■ YOUR OBJECTIVE
Copy out the entries exactly, and wherever a picture appears, leave it out.

■ RECORDED DATA
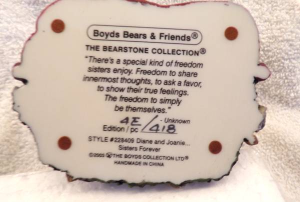 Boyds Bears "Diane & Joanie...Sisters Forever" #228409. Vintage 2003. In original box /original styrofoam packing. Certificate of Authenticity. Original owner, mint condition. 4"H x 4"W x 3"D. Love them, but we are downsizing. Cash only w/pick up Mounds View or Roseville, MN.
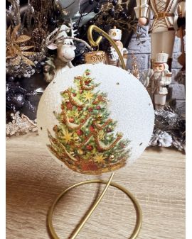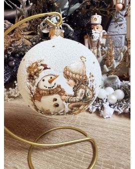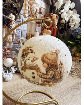 OZDOBA ŚWIĄTECZNA - DUŻA BOMBKA 120 mm decoupage DZIECI Z BAŁWANEM model III
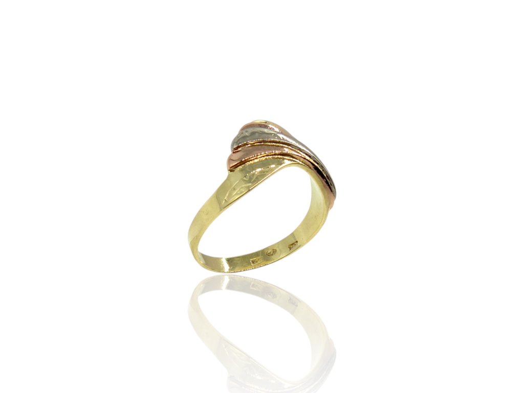 Prsten kombinovaný ze žlutého, růžového a bílého zlata
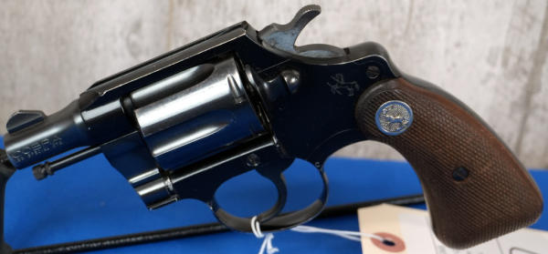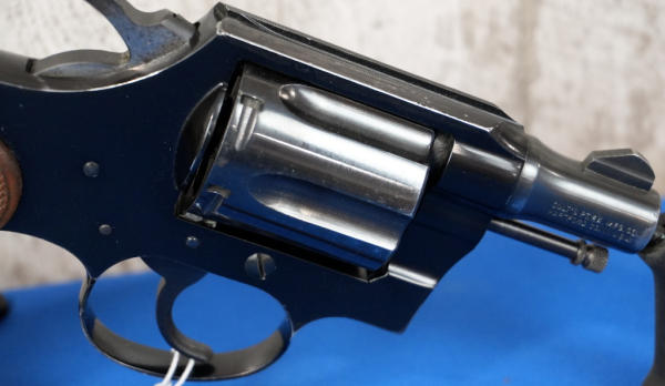 2" BBL; 6-shot swing out cylinder; factory wood checkered grips; has some very minor bluing loss by muzzle, overall nice used condition; USA: SN#75068; A-192
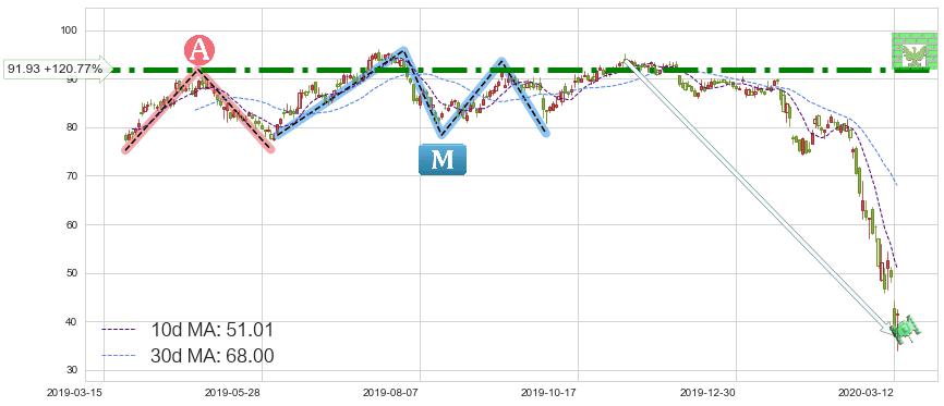 ♘ 阻力价格位91.93,可信任强度91.16%,距离最后交易2020-03-13形成的收盘价格41.64相差 +120.77%
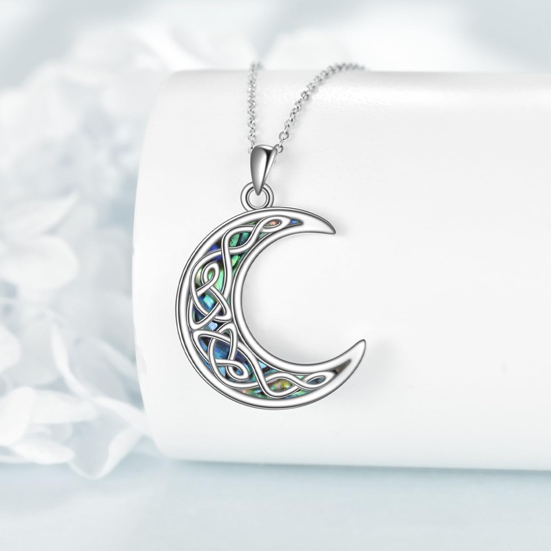 VONALA Celtic Knot Moon Necklace 925 Sterling Silver Moon Pendant Chain Ireland Jewellery Gifts for Women Girls, Silver Sterling Silver, Abalone
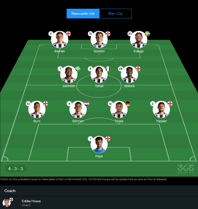 นิวคาสเซิ่ลของเอ็ดดี้ ฮาว เกมนี้ตัวเลือกไม่ได้เต็มมือเท่าไหร่ เพราะมีทั้งเจ็บ ทั้งเช็กฟิต และมีตัวโดนแบนด้วย ทำให้การจัดทีมต้อง “คิดเผื่อ” ตลอดเกม แต่ข้อดีคือระบบทีมยังชัด เล่น 4-3-3 ได้ดุดัน วิ่งบี้หนัก แล้วเน้นโจมตีจากริมเส้นเร็วๆ
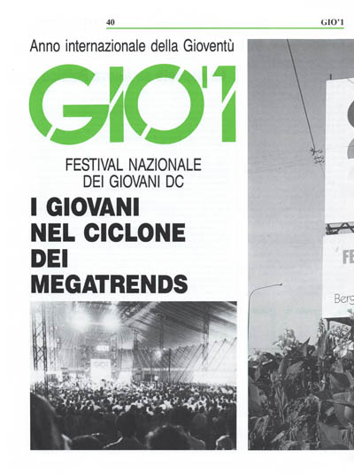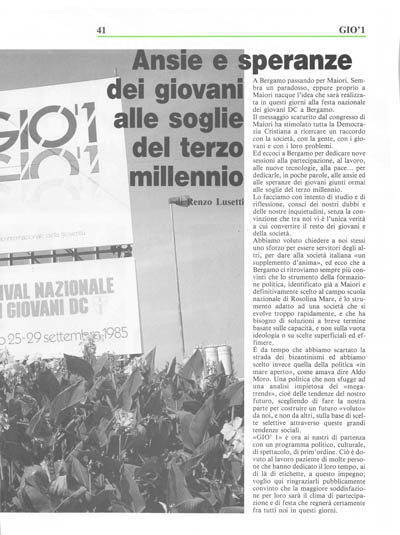 E dobbiamo farlo nello stile che da due anni circa stiamo mettendo nella ormai rituale iniziativa nazionale, con l'intenzione di utilizzare la festa dei Giovani dc come luogo di formazione politica seria, duratura negli effetti, che poco lascia all'effetto «presenza per la presenza».
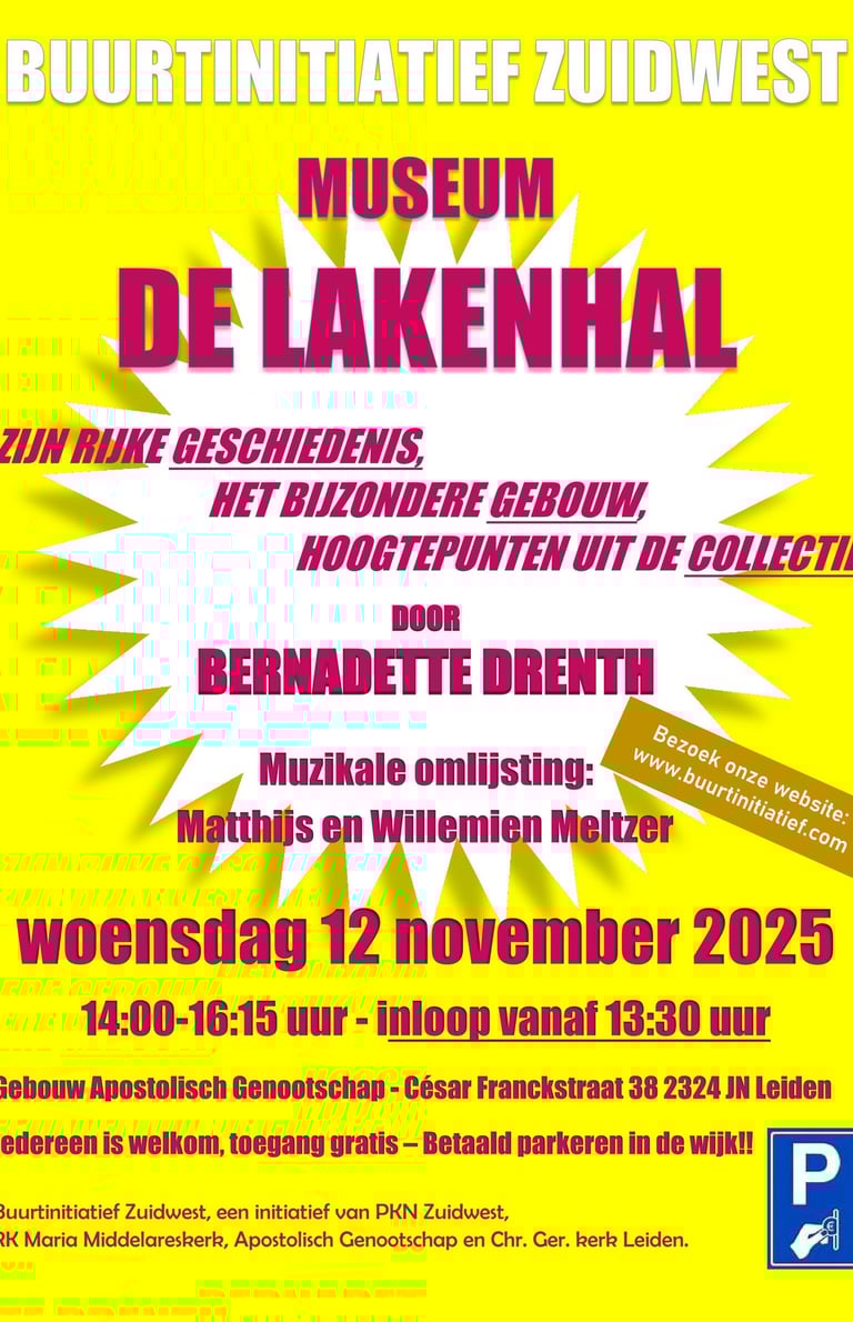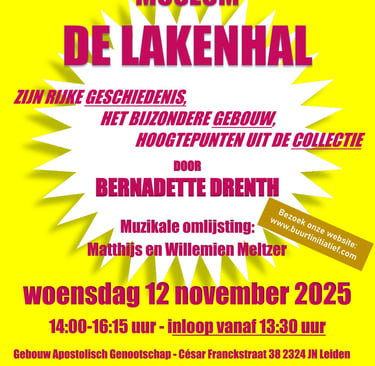 Volgende bijeenkomst Op woensdag 12 november komt mevrouw Bernadette Drenth van Museum De Lakenhal vertellen over de rijke historie van het museum. Ook vertelt ze over het bijzondere gebouw en over topstukken uit de collectie. De bijeenkomst is NIET in De Lakenhal, maar in het gebouw van het Apostolische Genootschap, César Francksstraat 38 in Leiden. Inloop vanaf 13.30 uur. Start om 14.00 uur. Einde rond 16.15 uur. Toegang is gratis. Iedereen is welkom!

■ REPLY TO THE EXERCISE
 Boyds Bears "Diane & Joanie...Sisters Forever" #228409. Vintage 2003. In original box /original styrofoam packing. Certificate of Authenticity. Original owner, mint condition. 4"H x 4"W x 3"D. Love them, but we are downsizing. Cash only w/pick up Mounds View or Roseville, MN.
 OZDOBA ŚWIĄTECZNA - DUŻA BOMBKA 120 mm decoupage DZIECI Z BAŁWANEM model III
 Prsten kombinovaný ze žlutého, růžového a bílého zlata
 2" BBL; 6-shot swing out cylinder; factory wood checkered grips; has some very minor bluing loss by muzzle, overall nice used condition; USA: SN#75068; A-192
 ♘ 阻力价格位91.93,可信任强度91.16%,距离最后交易2020-03-13形成的收盘价格41.64相差 +120.77%
 VONALA Celtic Knot Moon Necklace 925 Sterling Silver Moon Pendant Chain Ireland Jewellery Gifts for Women Girls, Silver Sterling Silver, Abalone
 นิวคาสเซิ่ลของเอ็ดดี้ ฮาว เกมนี้ตัวเลือกไม่ได้เต็มมือเท่าไหร่ เพราะมีทั้งเจ็บ ทั้งเช็กฟิต และมีตัวโดนแบนด้วย ทำให้การจัดทีมต้อง “คิดเผื่อ” ตลอดเกม แต่ข้อดีคือระบบทีมยังชัด เล่น 4-3-3 ได้ดุดัน วิ่งบี้หนัก แล้วเน้นโจมตีจากริมเส้นเร็วๆ
 E dobbiamo farlo nello stile che da due anni circa stiamo mettendo nella ormai rituale iniziativa nazionale, con l'intenzione di utilizzare la festa dei Giovani dc come luogo di formazione politica seria, duratura negli effetti, che poco lascia all'effetto «presenza per la presenza».
 Volgende bijeenkomst Op woensdag 12 november komt mevrouw Bernadette Drenth van Museum De Lakenhal vertellen over de rijke historie van het museum. Ook vertelt ze over het bijzondere gebouw en over topstukken uit de collectie. De bijeenkomst is NIET in De Lakenhal, maar in het gebouw van het Apostolische Genootschap, César Francksstraat 38 in Leiden. Inloop vanaf 13.30 uur. Start om 14.00 uur. Einde rond 16.15 uur. Toegang is gratis. Iedereen is welkom!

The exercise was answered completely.